Aw shucks, thought this was an adult size dress. Darling pattern.


----------



## misellen (Mar 8, 2013)

renie60135 said:


> Aw shucks, thought this was an adult size dress. Darling pattern.


 :thumbup: :thumbup:


----------



## momeee (Mar 22, 2011)

Thanks for sharing a great pattern.


----------



## mopa2282 (May 12, 2011)

Thank you for this pattern,love the belt idea.


----------



## transdolly (Nov 12, 2011)

Love it!!!!


----------



## Kitty Rooney (Jul 8, 2013)

Lafemmefran said:


> Smart little dress and pretty color.
> 
> What kind of yarn did you use? Why did you write the pattern twice? Is there a front and back and you have to seam it together on the sides or just one seam down the back?


Showing it twice was a mistake.
The yarn I use is: HERRSCHNERS 2-PLY AFGHAN YARN


----------



## Kitty Rooney (Jul 8, 2013)

Show the pattern direction is a mistake.


----------



## Cheryl Jaeger (Oct 25, 2011)

Wow! So pretty and love the belt you added.
Thank you for sharing the pattern.


----------



## run4fittness (May 22, 2011)

cute dress!


----------



## kanddmom (Apr 2, 2013)

renie60135 said:


> Aw shucks, thought this was an adult size dress. Darling pattern.


I was ALSO hoping for an adult pattern. Wish I had Barbie's figure so I would look this good in a sheath dress! :mrgreen:


----------



## Daeanarah (May 7, 2012)

Kitty That is adorable. However, my hand knitting isn't up to being able to do that.
Does the M1 mean marker 1?
What's the gauge, yarn used?

Kitty also did you know you repeated the pattern twice? Is that the way its suppose to be or...?

Curious minds want to know

Rhyanna


----------



## Stitchinfits (Jun 11, 2013)

M1, I believe, is for "Make 1", a simple increase in which you insert the left needle under the ladder between your needles, between the stitch you just worked on the right and the next one on the left and knit into the back loop. It gives you more stitches in your current row for widening a piece. 
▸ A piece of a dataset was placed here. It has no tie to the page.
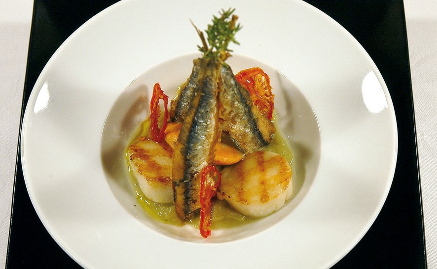 Pulire le cappesante, lavarle e asciugarle. Salarle e peparle, cuocerle su di una griglia ben calda. Mettere al centro dei piatti un poco di purea di melanzane, adagiarvi sopra le cappesante grigliate, e i sardoncini fritti con le estremità dei bastoncini che si sostengano uno con l’altro in modo da formare una specie di “capanna”. Guarnire con le fettine di pomodoro essiccate e servire con un filo d’olio crudo.

Thanks Kitty for an elegant outfit... I was just looking for something like this! 

Tonja


----------



## Daeanarah (May 7, 2012)

Ok thanks for explaining Tonja


----------



## Daeanarah (May 7, 2012)

Ok thanks for explaining Tonja


----------



## figueras-sketa (May 18, 2013)

any clue how you make your Barbie Belt pls?


----------



## Typsknits (Aug 6, 2011)

Love the outfit would love to know where you got the belt buckles from as I have made the dress and it turned out well just needs a belt!


----------